# What the Heck?



## thoron (Oct 14, 2010)

Whats this Hide Comment feature? After all this time of being told that it wouldn't be added, the coders add it. I honesty don't like it. I know it can be a deterent to deal with trolls, but what about when someone decides to abuse it? Why is it here now, get rid of it.


----------



## Xaerun (Oct 14, 2010)

I'm tempted to just say "NO, YOU CAN'T MAKE US!" and lock the thread, but I'll resist.
It takes a bit off the staff's backs, really- so I think that's okay


----------



## thoron (Oct 14, 2010)

Xaerun said:


> I'm tempted to just say "NO, YOU CAN'T MAKE US!" and lock the thread, but I'll resist.
> It takes a bit off the staff's backs, really- so I think that's okay


 
I love reading through drama filled comments and responces, this will take that away.


----------



## Verin Asper (Oct 14, 2010)

HA, thats rich, you guys actually gave yourself more work really


----------



## Zydala (Oct 14, 2010)

Admins can see hidden comments, right? So I don't really see a problem

at least it gives artists the ability to block all those people that post murry-purry comments about how the photo of their pet dog is sexy :V


----------



## thoron (Oct 14, 2010)

Zydala said:


> Admins can see hidden comments, right? So I don't really see a problem
> 
> at least it gives artists the ability to block all those people that post murry-purry comments about how the photo of their pet dog is sexy :V



Yeah, but what about the entertainment value that would come from the comments that are now going to be hidden? I find great enertainment from the drama of comments and the responces. All that could be lost now because of this.


----------



## CannonFodder (Oct 14, 2010)

It's already being abused, I give it a week before Fa's staff mercy kills it.


----------



## ryonekochan (Oct 14, 2010)

The way I see it, this has one particular consequence that is bad for the site as a whole. As everyone knows, there's a number of young, reactive artists on the site, and a number of them don't take ANY kind of criticism well. At first.

For example, Artist A is 17 years old, and a budding furry artist. By budding, I mean he's reactive and not receptive to criticism. He exists in the old system, where comments are set in stone. Artist B is largely the same as Artist A, being young and quick to butthurt. He exists in the new system.

Artist A is struck with some scathing comments on his first few pieces, which he refuses to acknowledge at first. Without the ability to remove comments from his submissions, they stay there forevermore. A few submissions later, he finds someone has commented on one of those first pieces. Curious, he checks, seeing that the comment is much more constructive than the scathing one, but seems to take from elements of the scathing comment, building on it and clarifying in fewer "this sucks ass"es. This ultimately contributes, consciously or subconsciously, to the artist's development, and his pieces improve. Even if he doesn't take it as helpful at first, the comment's existence and visibility could prove to encourage others to give constructive criticisms of his work, these people soon becoming watchers, fans and eventually commissioners.
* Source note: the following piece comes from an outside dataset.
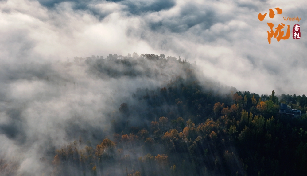 山林深處,秋意更濃。滿山遍野的銀杏葉換上了金黃的盛裝,宛如油畫般絢麗多彩。輕盈的云霧在山谷間流動(dòng),如同輕紗般籠罩著山巒,陽光斜灑其上,宛如一片金色的海洋。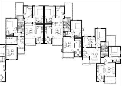 ![]() Geschoßgrundriß: Der Baukörper besteht aus aneinandergereihten Zweispänern mit 2- oder 3-Zi-Wohnungen. |

Artist B receives similar comments on a couple of his pieces, which he quickly hides. No comments are better than bad comments, right? Not so much. Future individuals that visit these pieces will either see little reason to provide constructive criticism, or avoid doing it in fear that it will be instantly hidden. Several hidden comments will build up a negative reputation for the artist, who will get fewer comments, and ultimately fewer pageviews. They will have blocked themselves off from the community, declaring any and all even slightly negative comments as "trolling" and blocking them with little thought. There's significantly less hope for development of their art style, resulting in a vast gallery of poor art.

Sure, this is a bit of an extreme example that doesn't allow for many, if any, variables, but it's a bit more likely than you might think. Any artist that wishes to be successful has to learn to take the good with the bad. They have to take a few lumps here and there, but that's just how the game is played. If you're gonna run from the ball, maybe you shouldn't have gone to bat.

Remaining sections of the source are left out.